Hey Pieter,
Tackling your questions in order
What do you recommend to developers that are working for fixed companies now that would like to become nomads and work remotely?
Practice communication (in English - both written and verbal) until you are excellent if you are not already. There are plenty of sites like Livemocha.com for this, and communication is one of the most important parts of working remotely. In fact, I think being responsive, clear, and communicative as a remote developer is almost as important as your technical skill. Get used to over-communicating and chatting to people online and constantly being available even if you aren’t sitting at your computer doing heads down work. It goes a long way with clients. Leaving Skype on all the time and replying to emails at odd hours (even if you’re on a train, standing in line for an event, etc.) takes some getting used to. You don’t always need to be working, but you need to be responsive even if it’s just to say, “Hey I’m grabbing some food real quick, but I got your email, and I’ll push in a few minutes when I get back."

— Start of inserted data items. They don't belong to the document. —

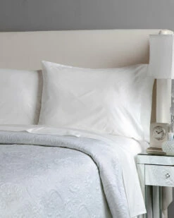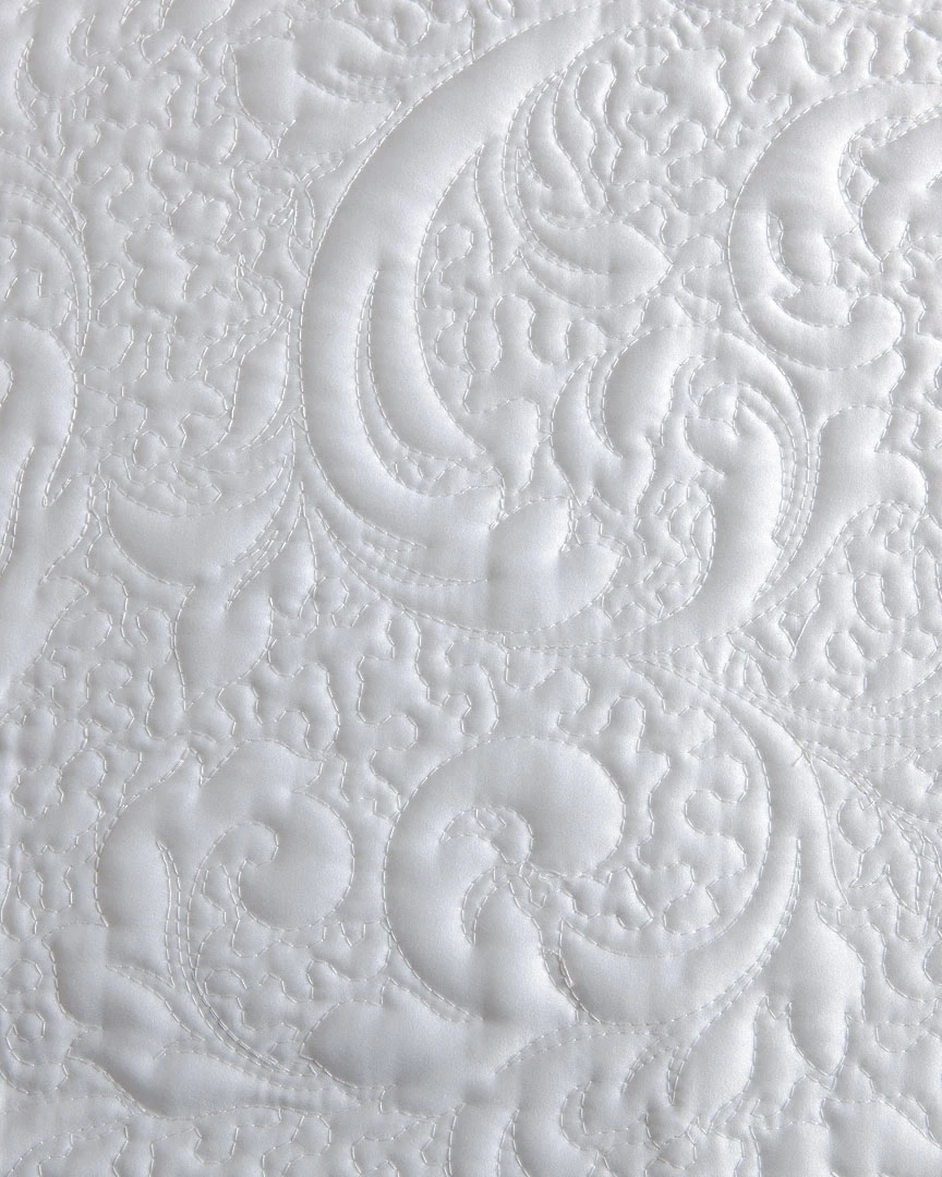 - White quilted coverlet with quilted damask pattern
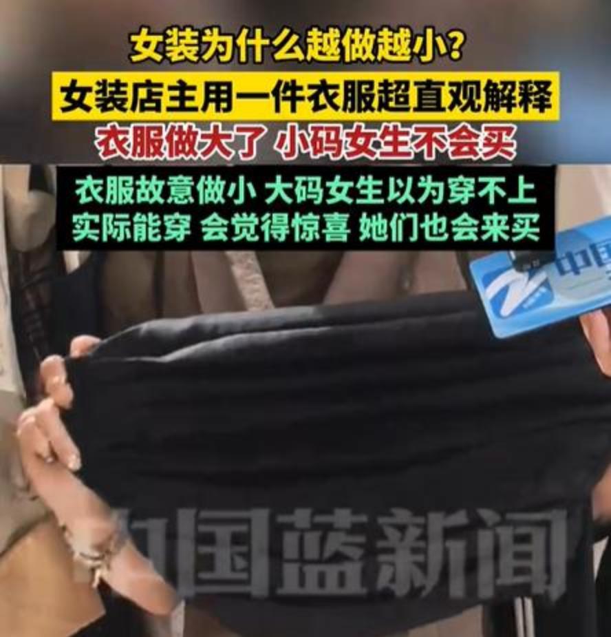4月14日,话题#店主解释为何女装越做越小#冲上全国热搜第一,该店主称,“衣服做大了,小码女生不会买;而衣服故意做小,大码女生以为穿不上但实际能穿,就会有惊喜感,反倒能促进购买。”
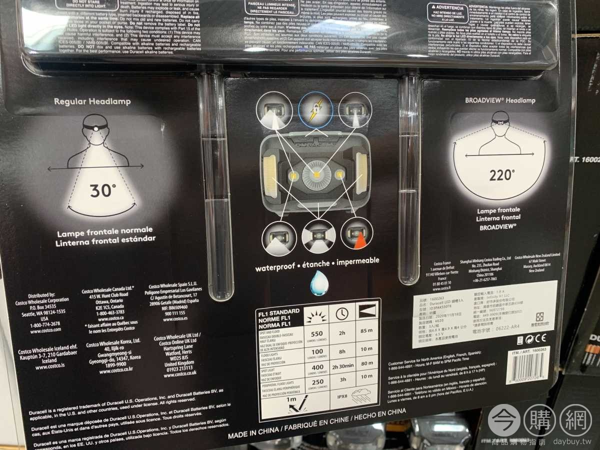 九種光線模式組合可調整,可視範圍達220度,可調整頭帶,每入頭燈附四號電池三顆,含夜視模式,IPX8防水,可調整頭燈角度。
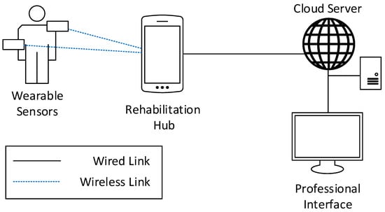 In the single-user use case, Figure 4, the RH is responsible for collecting and processing data from only one patient. For this reason, the RH is not characterized by specific requirements, and could be implemented as a general-purpose device, such as a smartphone or a tablet, for instance by developing an application to collect information from the sensors, elaborate raw data by the application of a specific biomechanical model, and upload them to the CS. The connection between the RH and the sensor can be realized via a short-range wireless link, e.g., Wi-Fi, IEEE 802.15.4, or Bluetooth Low Energy, owing to the short distance between the nodes. The patient interface could be easily implemented, showing on the device screen, the real-time execution of the self-evaluation task or the exercise and some specific parameters useful for the patient to check their performances. Eventually, the dedicated professional interface must allow physicians and physiotherapists to browse information from multiple patients simultaneously.
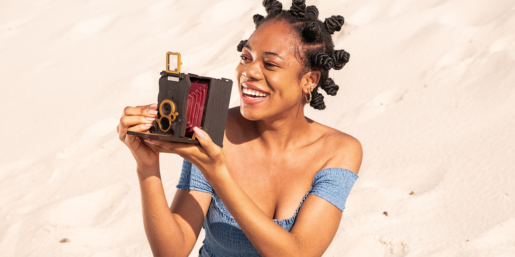 A Fujifilm instax camera that combines a vintage steampunk design with a pinhole, bellows, exposure calculator, manual development system, and environmentally friendly materials. Craft it glue-free an
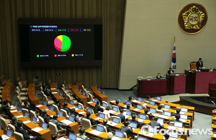 (서울=포커스뉴스) 19일 오전 서울 여의도 국회에서 열린 342회 국회(임시회) 1차 본회의에서 국회법 일부개정법률안(위원회안)이 재석 222인 중 찬성 117인, 반대 79인, 기권 26인으로 통과되고 있다.
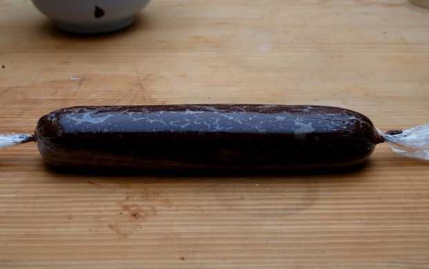 Asegúrese de que la mezcla de chocolate ya no es líquido, si no esperar un poco más de tiempo para dejarlo enfriar. (Cuando la mezcla es líquida es difícil empacarlo de abrigo) Pon un pice grande de plástico en su área de trabajo y la mezcla de chocolate nueces aproximadamente en una salchicha como forma en él. Doble la envoltura plástica y rodillo de la salchicha por lo que se cubre en el abrigo. Atar ambos extremos de la salchicha con hilo de cocina.
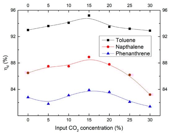 Figure 9 shows that with increasing CO2 concentration, the destruction efficiency of the toluene, naphthalene, and phenanthrene increases to a maximum at an input of 15% CO2 concentration, and then slightly reduced. Uncommon voltage waveform was observed under the condition with proper concentration of CO2, which can explain why the highest destruction efficiency is obtained in the atmosphere of 15% CO2. The voltage waveform is shown in Figure 10 under the condition with or without CO2. Compared with the typical condition without CO2, the waveform becomes regular in the condition of 10%–20% CO2. The voltage as well as the input energy have increased about 15% (from 1.80 kV to 2.07 kV of voltage), while the discharge current is the same. When the CO2 increases to about 25%, the waveform of voltage again becomes similar to the waveform without CO2 and the average voltage reduces simultaneously but remains higher than that in the condition without the participation of CO2. The role of oxidation of CO2 in destruction efficiency is slightly lower compared to H2O that can provide sufficient O atoms.
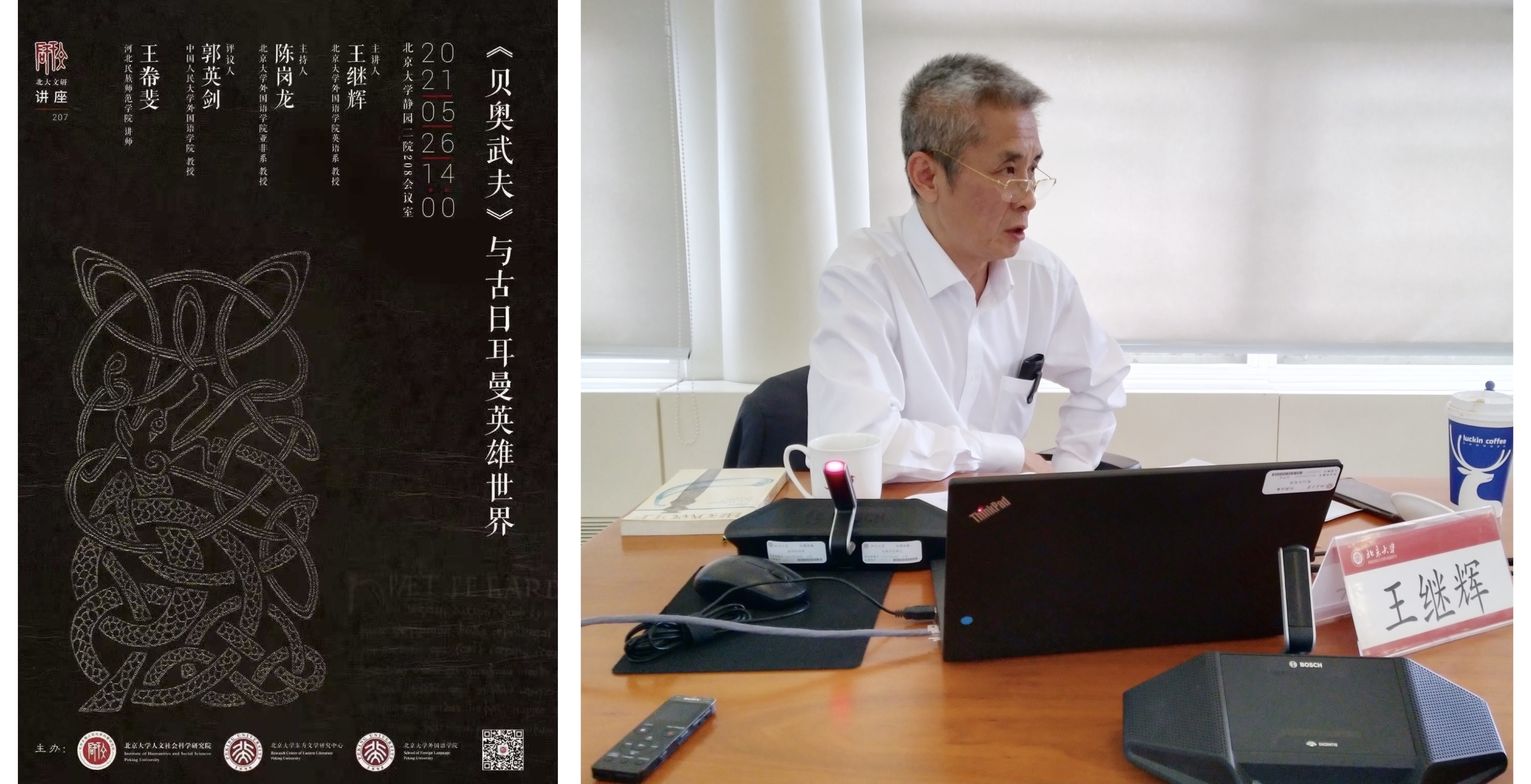 2021年5月26日下午,开云官方网页版英语系王继辉教授主讲的“《贝奥武夫》与古日耳曼英雄世界”讲座在线下线上同步举行。本次讲座由陈岗龙教授主持,中国人民大学开云官方网页版郭英剑教授、河北民族师范学院王帣斐老师评议。
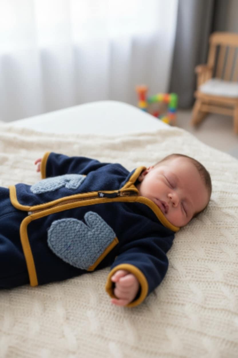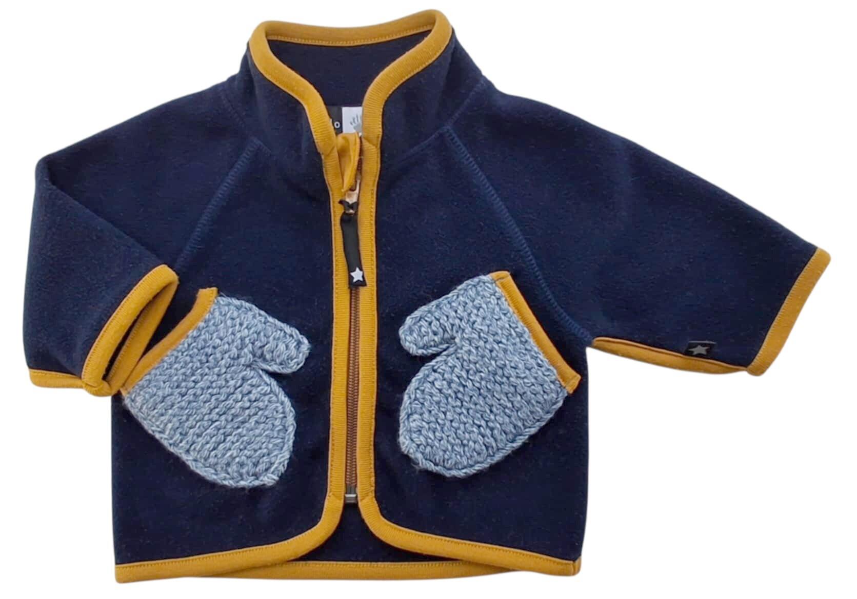 Molo mørkeblå fleecetrøje str. 56 med lange ærmer, strikkede lommer og karrybrune kanter.
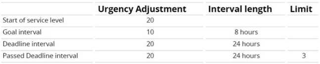 The service level provides a four-hour initial delay. If the case urgency is set to 10 and the case reaches the assignment at 9 A.M. Monday. what is the assignment urgency at noon Wednesday?
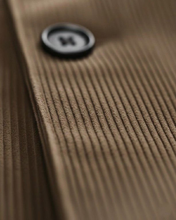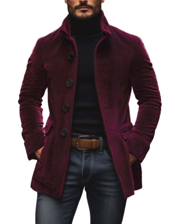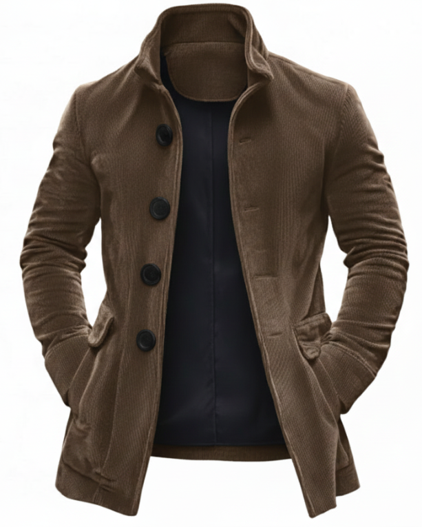This stylish ribbed coat effortlessly combines elegance and comfort. With its slim fit and distinctive stand collar, it creates a modern, refined look that conveys confidence and authority. The soft ribbed texture feels warm and durable without being heavy. Perfect for chilly winter days when you want to blend European style with everyday practicality. The contrasting brown buttons add a premium touch to the deep black design.

What skills should they focus on to get hired remotely (e.g. at Toptal), are those skills any different from general developer skills? If so, in what way?
Again, proactive communication and responsiveness. At Toptal, we’re almost all engineers, and we look for great problem solvers with personality and drive. To us, that’s the very definition of an engineer. But when it comes to who really kills it at our company, it’s the tremendous problem solvers who are proactive and communicative. When you’re remote, clear expectations and communication are lifeblood.
Imagine two different developers:
Person A is smart, sociable, and you always know what she’s working on. In fact, because you guys communicate so well, you could be in two separate rooms yet have the same answers to questions like: 1) What are you working on now and why? 2) What were you working on yesterday and why? 3) What will you be working on tomorrow and why?
Person B is also smart and friendly enough, but you don’t always get the updates you’d expect, and maybe days go by where you only vaguely know what she’s working on (“refactoring…” or “back-end work mostly…” etc.). Eventually cycle times are extended due to communication delays, and problems that could have been resolved in a few seconds get incorporated into code and product simply because you weren’t asked about them when they arose.
Who are you going to hire again? Who are you going to tell your friends they should hire?
Toptal started 5 years ago, back then remote work was even less fashionable than it is now (getting slowly fashionable recently stuck_out_tongue), what made you and Taso decide to run the company remotely AND focus so much on getting the developers you hire/place to do the same? Why?
Pasting an excerpt from an article I wrote the other day
We could have gone to San Francisco, set up shop, raised many rounds, and pursued Toptal in the typical Valley way. But of course when Taso and I started all this, I was still in class, and everything had to happen virtually. Taso didn’t live in Princeton, and I didn’t have time to commute to NYC or SF for meetings every day. So, using Skype as our office, we said from day one we would be distributed (meaning we would be working from anywhere but a central office), and we proceeded to “meet” people and companies all over the world using our computers. And instead of having two or three in-person meetings a day, we could do ten or twenty virtually with people who were located anywhere. We didn’t lose any time for commutes, and we avoided all of the costs associated with them. No one stared at clocks, and no one wore a suit.
While working like this, we realized that we didn’t need to physically be in Silicon Valley for Toptal to take off, and this opened up a world of possibilities—literally. Taso and I are adventurous people, so we began talking about cool places we could go that were also economically strategic so we could reinvest as much as possible back into growing the business and skip funding rounds in the meantime. We quickly set our sights on Budapest, as one does. It was significantly cheaper than San Francisco, and, to us, it was significantly more fun.
As we grew in Budapest, we further embraced the freedom of not having a physical office. We traveled to dozens of nearby countries and met hundreds of incredible people—from Topcoders to Prime Ministers to CERN researchers to infamous hackers—often in the places we’d least expect. Soon our core team members were operating from Russia, Brazil, and Argentina, and with our team’s coverage map widening every day, Toptal began to grow organically in that same way. We were able to practice what we preached—working remotely—and because we were entirely distributed and that was never a question, we figured out how to have our cake and eat it too. We had the freedom to hire talent wherever we went and build local Toptal communities in every country we visited.
And the question I always ask…Is this the future?
Of course. Staring at a clock in an office sucks, and as Tom Preston-Werner (CEO of GitHub) said, “If you do not have a distributed team you are, by definition, not working with the most talented people.”